O convívio no quartel do GACA 2, em Torres Novas, o passar o tempo na vila, onde todos se encontram e as conversas nas viagens em conjunto, para Lisboa, deram para conhecer e fazer amizade com o jovem culto e fazedor de amigos que era o José de Almada Negreiros.
Cada um seguiu a sua vida mas em 1974 reencontrámo-nos. Ele queria conversar comigo sobre a clandestinidade donde eu acabara de sair. E eu queria voltar a conversar com ele. Com o Ernâni Pinto Basto, um dos aspirantes a oficial miliciano de Torres Novas, e amigo comum, fomos jantar ao Restaurante do Velho Moinho. Eu e o Ernâni chegámos nuns carritos plebeus de 1.200 cm3 de cilindrada e quase ao mesmo tempo chegou o Almada num vistoso Porsch que custaria tanto como uns dez dos nossos.

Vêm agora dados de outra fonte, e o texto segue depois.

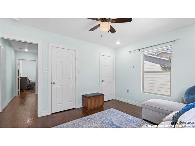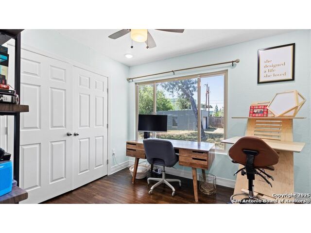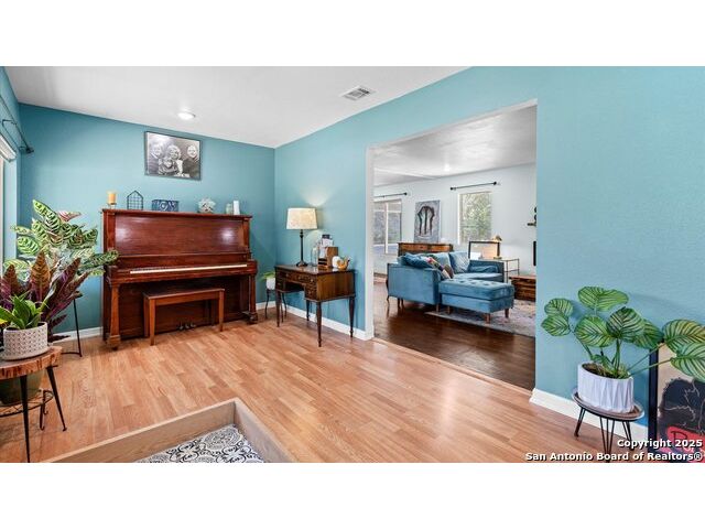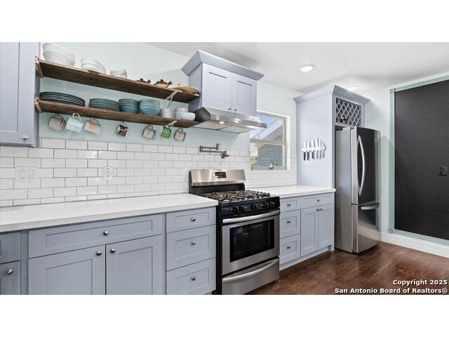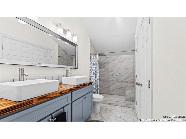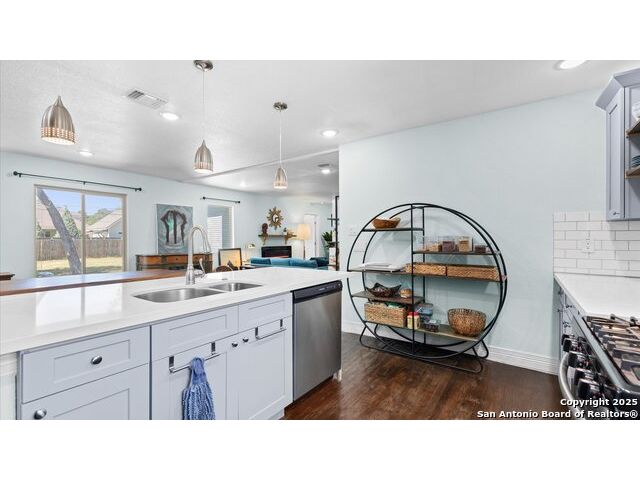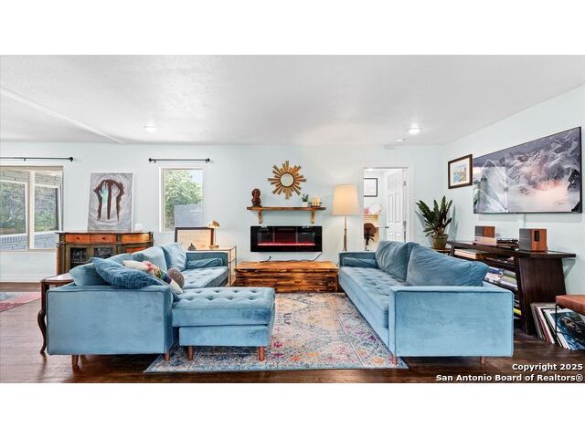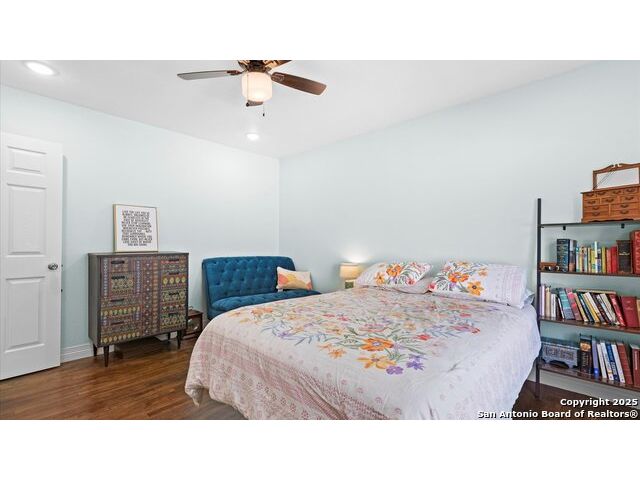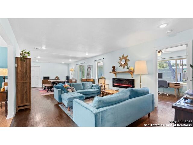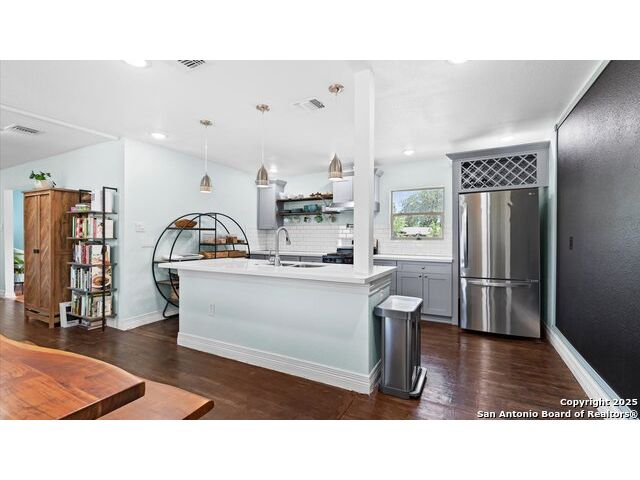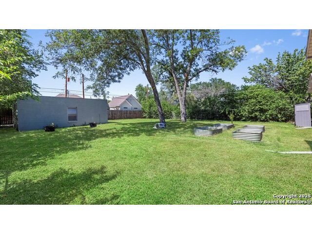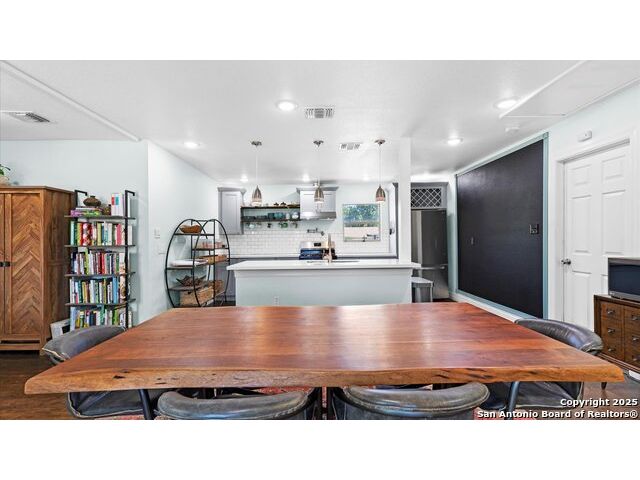 NO HOA!! Large Lot just over 1/4 acre Lot! Home features four bedrooms with two full and one half baths. Large windows throughout make every inch of this home feel light and bright, though overhead recessed lighting throughout will brighten even the darkest of winter days. Master Ensuite with twelve-foot vaulted ceiling will easily accommodate king sized furniture with room to spare for casual seating in a recessed alcove and airy windowed view. Spacious attached primary bath includes uniquely beautifully torched butcher-block vanity, double raised vessel sinks, waterfall shower and generously sized customizable walk-in closet. Second full bath includes original, though recently reglazed, cast iron tub and full shower. Kitchen is light and airy with white subway tiled backsplash, gas stove and overhead pot filler, stunning quartz countertops throughout, large island for meal prep and gatherings, and recent stainless steel appliances. Restored hardwood flooring throughout whole of home boasts warmth and character, and are fully supported by carefully maintained pier and beam foundation. Utility room and half-bath sit on an adjoining slab foundation. Bedrooms are generously sized and all have ceiling fans. Solar panels offer wireless monitoring and service via smartphone app, and include transferable warranty. Gutters with leaf-guard covers installed in 2021 on home and detached garage. Electrical in home and garage was upgraded in 2021, to include full home surge protector, and 220 panel in garage for large power-draw equipment. Five-ton HVAC with whole home air balancing in place to ensure even heating and cooling throughout, even on the hottest of Texas days. New double pane windows throughout. Sentricon Termite System. Outdoor tankless gas water heater, outdoor enclosed whole home water softener, and new plumbing throughout. Large enclosed backyard offers shade from two mature and recently pruned pecan trees, newly planted black walnut, one orange and two pear trees - all cared for and nourished by a local arborist. Garden area set apart with four raised Birdie Beds perfect for the organic conscious home gardener, with existing compost pile already begun. Active neighborhood association regularly coordinates summer movie nights, block parties, and casual get togethers. Neighborhood is dog friendly with active outdoor community. Alamo Quarry Market and Pearl shopping are all easily within a ten-minute drive. Quick access to San Antonio International Airport, and SAMMC/BAMC. 2021 LG kitchen refrigerator may convey if desired. Custom window roller shades throughout home will convey.

Fingindo-se incomodado com a diferença de status exposta pelos carros (em 1974, com a revolução em crescendo, politicamente correcto era a igualdade. Igualdade por baixo, claro!) Almada depois dos abraços de quem não se vê há uns anos exclamou:
- Eu não tenho dinheiro para comprar carros desses. Não posso andar a comprar carros todos os anos! Tenho de comprar um carro que me dure uns quatro ou cinco anos.

1 comentário:

Isabel Magalhães disse...

Passei por cá!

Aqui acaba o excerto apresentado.